The above is one reason publicists don’t give out their media lists. You don’t know how someone is going to treat it — or rather the people on it. Will they call your contacts over and over again, not getting the really obvious hint that no response means no? Will that person email useless press release after useless press release, week after week, hoping the next will result in front page coverage? Will they blurt out — after abusing your media contacts — “I got your info from so-and-so!” and destroy the relationship you spent considerable time cultivating?

Secondly, media lists are proprietary information. If you’ve hired a publicist to build you a media list to give you, that’s one thing. If you’ve hired a publicist to get you media coverage, you’ve hired someone based on their prior work, relationships they already have, and ability to develop other relationships. Giving out media contacts doesn’t do much to solidify a relationship – it undermines it since there are many out there who pitch inappropriately and without doing any research. Plus, it’s just bad business. If a publicist is giving out media lists willy-nilly, where exactly is his or her competitive edge?
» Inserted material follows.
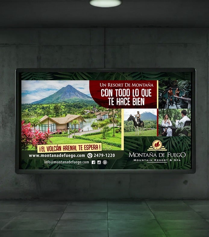 Para el Hotel Montaña de Fuego tomamos la administración de todo su lenguaje visual proyectando en tres enfoques que envuelven su negocio de hospitalidad: su razón de ser, la zona geográfica en que se encuentra y el contexto cultural-ancestral de la zona. Tres enfoques que definen una identidad de marca con una combinación de rasgos visibles, emocionales y comunicativos, que permite trasladar con coherencia a los diferentes puntos de contacto del Hotel una comunicación con personalidad, versátil y llena de experiencias hacia los huéspedes: los verdaderos embajadores de la marca.

Now, some will argue that everyone has the same contacts because of online media databases like Cision, so a media list isn’t something to be protected. Let me tell you, after working in-house at a publisher where outside publicists hired by authors would share their lists with me (never at my prompting), that’s poppycock.  Agencies and independent publicists definitely have a lot of overlap, but do you know how many new contacts I found out about by scanning media lists someone shared with me? Well, I don’t really know either (it was  10+ years), but it was considerable. And it’s not because I didn’t keep up. I read the blogs and newsletters that cover the media’s coming and going. But, there’s always a new freelancer I wasn’t aware of, a producer who keeps his name out of the media databases, etc.

At the end of the day, remember why you hired a publicist. You didn’t hire him to give you lists. You hired him to get you media coverage, provide wise counsel, identify the media opportunities that are actually likely to meet your goals, develop your talking points, and help you tell your story.